AP sources: Rep. Tom Emmer withdraws as Republican nominee for House speaker, becoming the third candidate to fall short.

Republicans had picked Emmer as their nominee for House speaker on Tuesday, as they tried for a third time to fill the top leadership position and get Congress back to work.

Emmer, the GOP Whip and senior-most candidate, had jumped out front in private balloting as the top vote-getter among the hodge-podge list of mostly lesser-known congressmen for speaker, a powerful position second in line to the presidency.

It’s three weeks since Republicans ousted Kevin McCarthy. The House speaker will need to accomplish the seemingly impossible job of uniting the GOP majority.

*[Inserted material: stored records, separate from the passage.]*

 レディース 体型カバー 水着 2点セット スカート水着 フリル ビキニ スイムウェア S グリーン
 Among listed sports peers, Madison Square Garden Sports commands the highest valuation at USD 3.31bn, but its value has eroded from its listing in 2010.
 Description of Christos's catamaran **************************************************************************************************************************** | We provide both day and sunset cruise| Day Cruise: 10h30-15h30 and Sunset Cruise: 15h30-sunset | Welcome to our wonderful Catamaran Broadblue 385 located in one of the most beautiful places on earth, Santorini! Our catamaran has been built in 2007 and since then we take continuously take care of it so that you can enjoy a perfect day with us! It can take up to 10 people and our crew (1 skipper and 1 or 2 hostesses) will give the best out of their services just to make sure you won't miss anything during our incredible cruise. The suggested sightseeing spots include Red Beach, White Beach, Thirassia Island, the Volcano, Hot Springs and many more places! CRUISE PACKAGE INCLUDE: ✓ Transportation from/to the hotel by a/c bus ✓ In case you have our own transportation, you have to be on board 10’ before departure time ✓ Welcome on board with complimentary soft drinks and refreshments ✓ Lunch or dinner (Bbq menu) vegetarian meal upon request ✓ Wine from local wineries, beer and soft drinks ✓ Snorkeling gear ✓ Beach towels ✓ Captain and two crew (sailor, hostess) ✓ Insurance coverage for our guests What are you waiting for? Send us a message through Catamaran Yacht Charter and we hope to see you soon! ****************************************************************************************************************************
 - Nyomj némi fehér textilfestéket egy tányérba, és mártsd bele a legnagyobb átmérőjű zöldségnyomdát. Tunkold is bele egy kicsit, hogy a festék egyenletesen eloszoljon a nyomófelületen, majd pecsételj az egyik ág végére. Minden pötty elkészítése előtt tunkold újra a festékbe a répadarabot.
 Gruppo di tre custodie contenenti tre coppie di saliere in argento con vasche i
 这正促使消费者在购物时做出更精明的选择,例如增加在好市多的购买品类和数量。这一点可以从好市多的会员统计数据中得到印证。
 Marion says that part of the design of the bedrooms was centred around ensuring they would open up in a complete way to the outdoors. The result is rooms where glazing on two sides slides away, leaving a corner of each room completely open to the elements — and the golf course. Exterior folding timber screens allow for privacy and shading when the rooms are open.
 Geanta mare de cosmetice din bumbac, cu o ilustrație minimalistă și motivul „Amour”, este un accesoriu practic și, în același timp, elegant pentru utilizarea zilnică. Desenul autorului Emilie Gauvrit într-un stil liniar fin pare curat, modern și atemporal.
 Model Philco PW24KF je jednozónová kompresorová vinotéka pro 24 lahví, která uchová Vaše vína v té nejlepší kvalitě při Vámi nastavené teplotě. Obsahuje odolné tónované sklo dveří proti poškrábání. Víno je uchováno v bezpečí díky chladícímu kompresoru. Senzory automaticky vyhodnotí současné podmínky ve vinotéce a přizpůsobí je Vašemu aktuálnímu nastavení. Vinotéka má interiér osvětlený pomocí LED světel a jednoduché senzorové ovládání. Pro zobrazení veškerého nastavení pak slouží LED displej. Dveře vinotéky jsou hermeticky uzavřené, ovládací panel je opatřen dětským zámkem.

The candidate list, though quickly slimming, was long and jumbled with no obvious choice for the job. Emmer, a lawyer, is known as a gruff hockey coach who reached out to Donald Trump for backing and was gaining on the first four ballots.

Coming in a steady second was constitutional law expert Rep. Mike Johnson of Louisiana, who directly battled Emmer in the fifth-round private ballot.

Others, including Rep. Byron Donalds, a top Trump ally, were dropping out. McDonald’s franchise owner Rep. Kevin Hern of Oklahoma, a conservative leader, plied his colleagues with hamburgers seeking their support but also dropped out Tuesday.

Also withdrawing from the race were Reps. Austin Scott of Georgia, Jack Bergman of Michigan, Pete Sessions of Texas, Gary Palmer of Alabama and Dan Meuser of Pennsylvania.

The House has been in turmoil, without a speaker since the start of the month after a contingent of hard-line Republicans ousted McCarthy, creating what’s now a governing crisis that’s preventing the normal operations of Congress.

The federal government risks a shutdown in a matter of weeks if Congress fails to pass funding legislation by a Nov. 17 deadline to keep services and offices running. More immediately, President Joe Biden has asked Congress to provide $105 billion in aid — to help Israel and Ukraine amid their wars and to shore up the U.S. border with Mexico. Federal aviation and farming programs face expiration without action.

Those running for speaker were mostly conservatives and election deniers, who either voted against certifying the 2020 presidential election results, when Biden defeated Trump, in the runup to the Jan. 6, 2021, attack on the Capitol, or joined a subsequent lawsuit challenging the results.

Some Democrats had eyed Emmer, the third-ranking House GOP leader, who had voted to certify the 2020 election results as a potential partner in governing the House.